パーキンソン病で要介護認定を受けるには?申請と認定調査のポイント

パーキンソン病で要介護認定を受けるには?申請と認定調査のポイント

パーキンソン病は進行性の疾患であり、将来の生活や介護について不安を抱える患者さまやご家族も少なくありません。介護が必要になった際、公的な支援を受けるために重要なのが要介護認定です。

しかし、介護保険制度の仕組みや申請手続きが複雑でわかりにくいと感じる方も多いでしょう。この記事では、パーキンソン病と介護保険制度の位置づけ、要介護認定の申請手続き、正確に症状を伝えるための認定調査のポイントについて、わかりやすく解説します。

介護保険制度におけるパーキンソン病の位置づけ

要介護認定を受けた方は介護保険による公的サポートを受けることができますが、パーキンソン病患者の場合はどうなのでしょうか。ここでは、介護保険制度におけるパーキンソン病の位置づけと、ほかの公的支援との関連性について解説します。

パーキンソン病は特定疾病のひとつ

パーキンソン病は、介護保険制度において特定疾病のひとつに指定されています。そのため、40~64歳のパーキンソン病患者は、要介護認定されれば介護保険の対象となります。
パーキンソン病によって身体の動作障害や日常生活動作(ADL)の低下がみられる方は、要介護・要支援認定の対象です。進行度に応じて、訪問介護や通所リハビリ、福祉用具貸与などのサービスを利用することができます。

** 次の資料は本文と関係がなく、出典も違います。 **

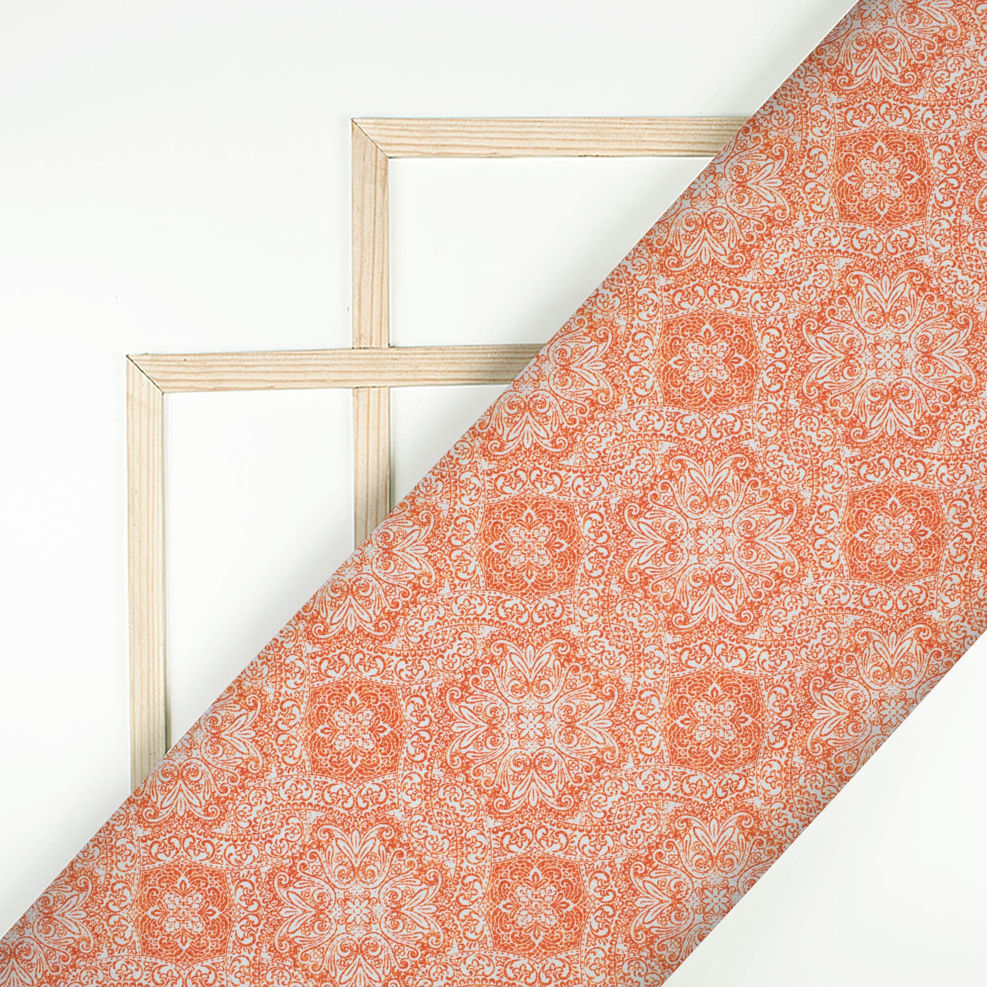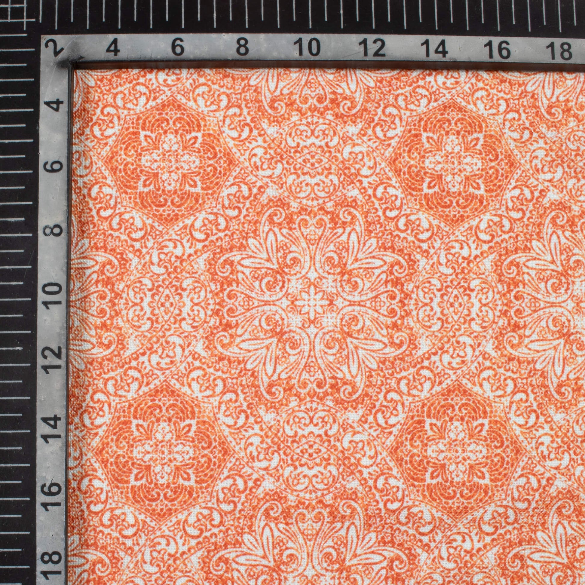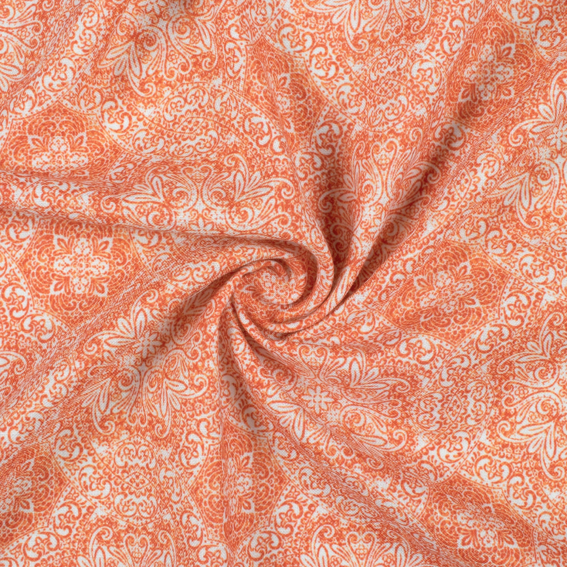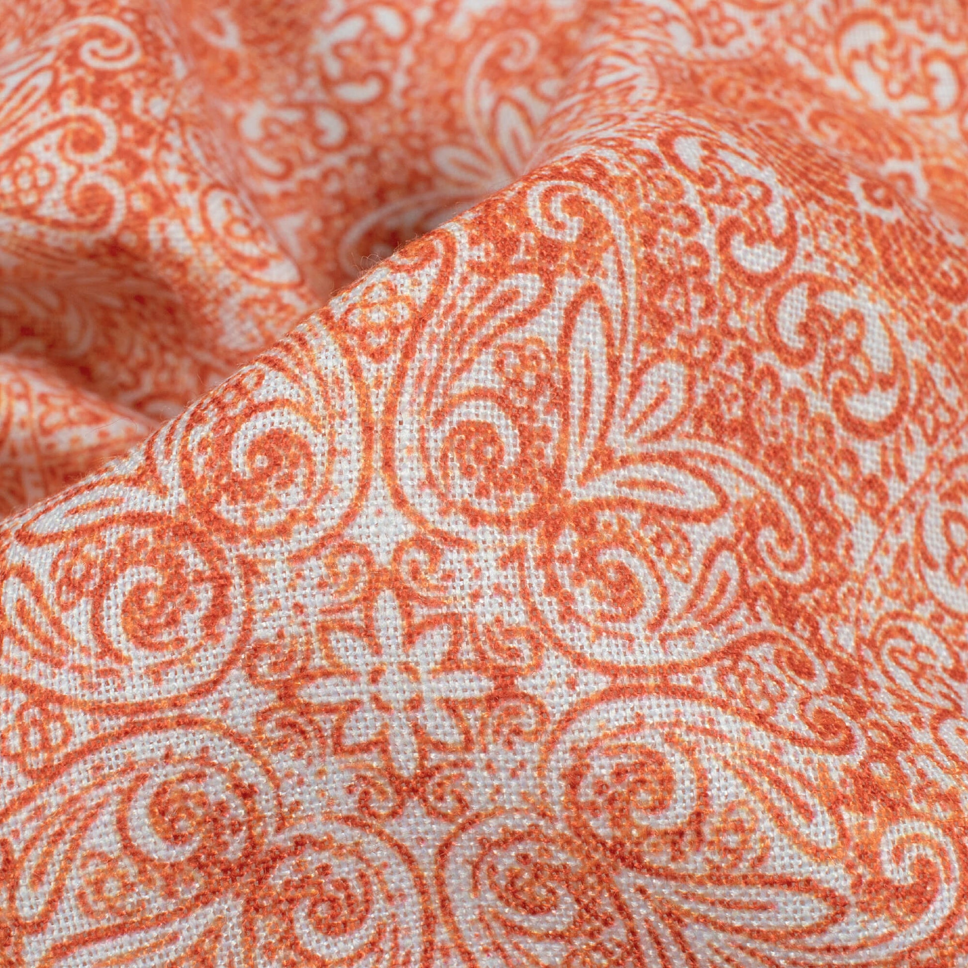 Amber Orange And White Traditional Pattern Digital Print Linen Textured Fabric (Width 56 Inches)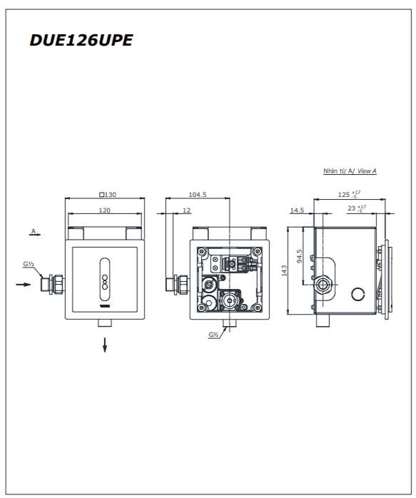Bản vẽ Van Xả Cảm Ứng TOTO  DUE126UK/VM2L037Z    220V Âm Tường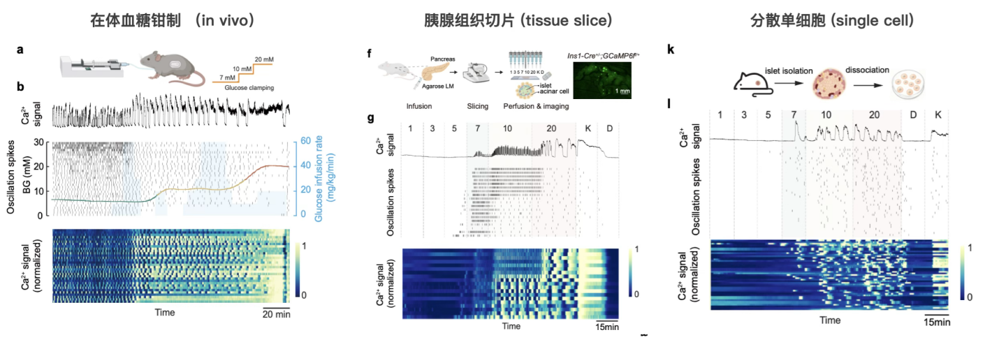 为验证该现象的调控基础,研究团队构建了“在体血糖钳制 - 胰腺组织切片 - 分散单细胞” 的多层级实验模型(图2)。结果显示,血糖依赖的节律转变在保留细胞间旁分泌信号的胰腺组织切片中依然存在,但在失去旁分泌交流的分散β细胞中完全消失。这明确了胰岛内细胞间旁分泌信号是HESF现象的核心调控基础,突破了以往仅关注β细胞自主节律的认知局限。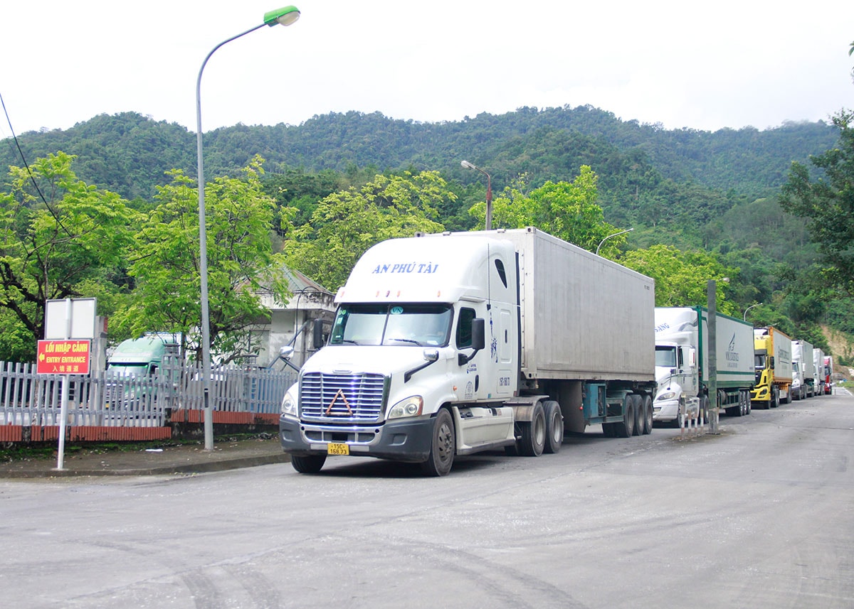 Xe container tập kết tại cửa khẩu quốc tế Thanh Thủy, Tuyên Quang. Ảnh: Biện Luân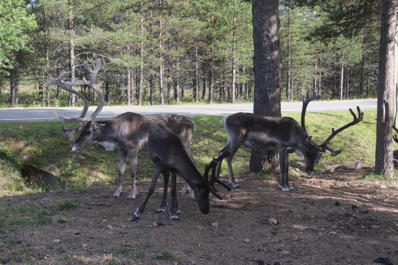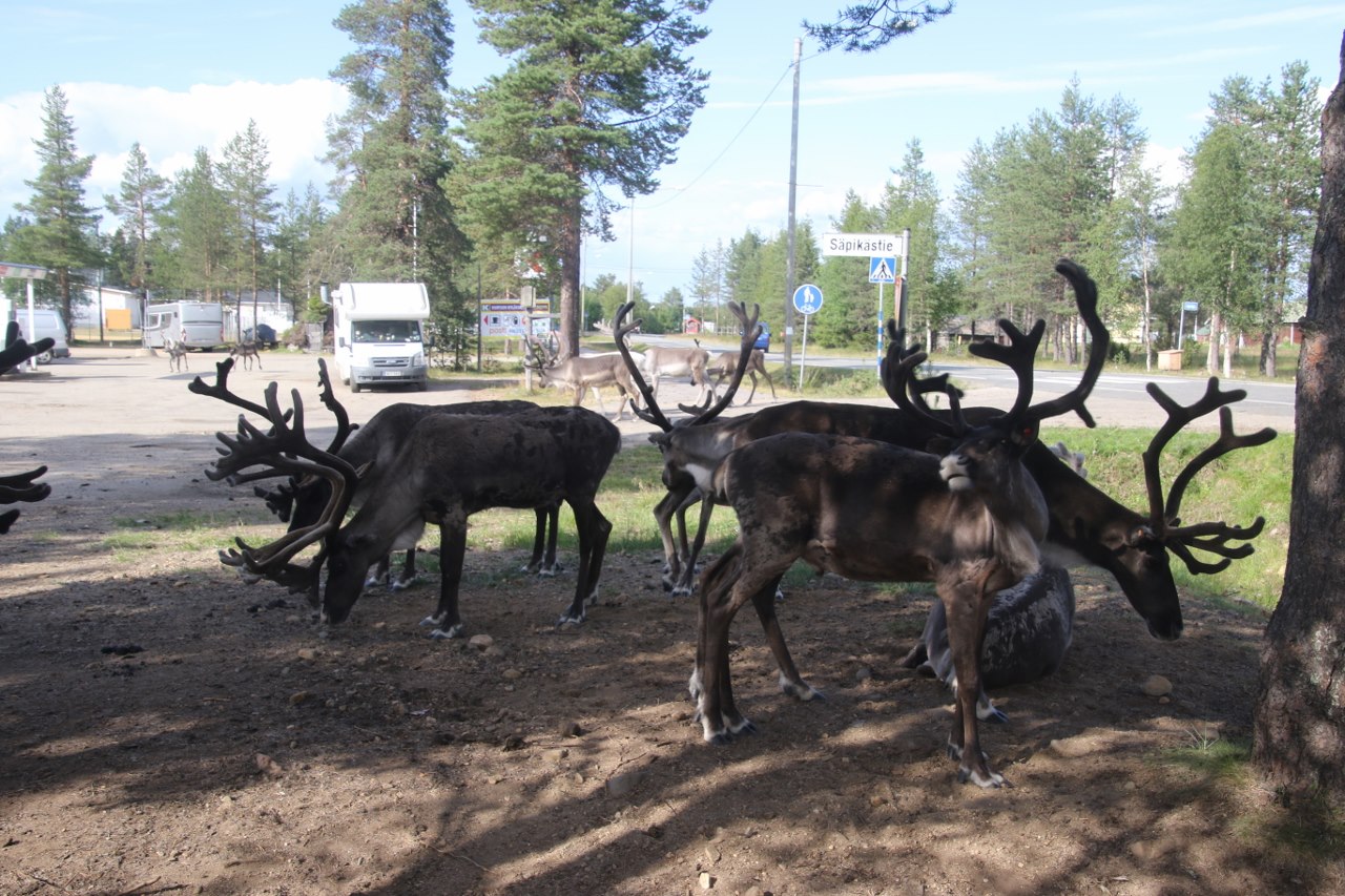 It looks like this is the afternoon meeting place for reindeers in this area where they come to discuss the issues of the day while they can relax in the shade of the trees along the road.

また、パーキンソン病でなくても、似た症状を呈する「パーキンソン症候群」のうち、進行性核上性麻痺、大脳皮質基底核変性症も特定疾病です。これらの診断を受けた40~64歳の方も、要介護認定されれば介護保険が受けられます。

介護保険の原則

介護保険は、40歳以上の国民が加入する公的保険です。介護が必要な状態(要介護状態)になった場合に、所定の介護サービスを受けることができます。

介護保険の制度上、65歳以上の人を「第1号被保険者」、40~64歳の人を「第2号被保険者」と呼びます。第1号保険者は、要介護状態になったら、原因に関係なく介護保険によるサービスを受けることが可能です。第2号保険者は、要介護状態になった原因がパーキンソン病を含む特定疾病(16疾患)による場合に限り、介護サービスを受けることができます。

介護サービスには、自宅訪問や通所サービス、福祉用品サービスなどさまざまなものがあります。これらのサービスは、要支援1~要介護5までの要介護度によって受けられる種類や範囲が異なります。

パーキンソン病で介護保険を受けるメリット・デメリット

介護保険の要介護認定を受けることには、患者さまやご家族にとってメリットとデメリットがあります。
ここでは、パーキンソン病に特化した内容を記載していますが、一般の介護保険も流れはほぼ同じなので、パーキンソン病と診断されていない方もぜひご参考にしてください。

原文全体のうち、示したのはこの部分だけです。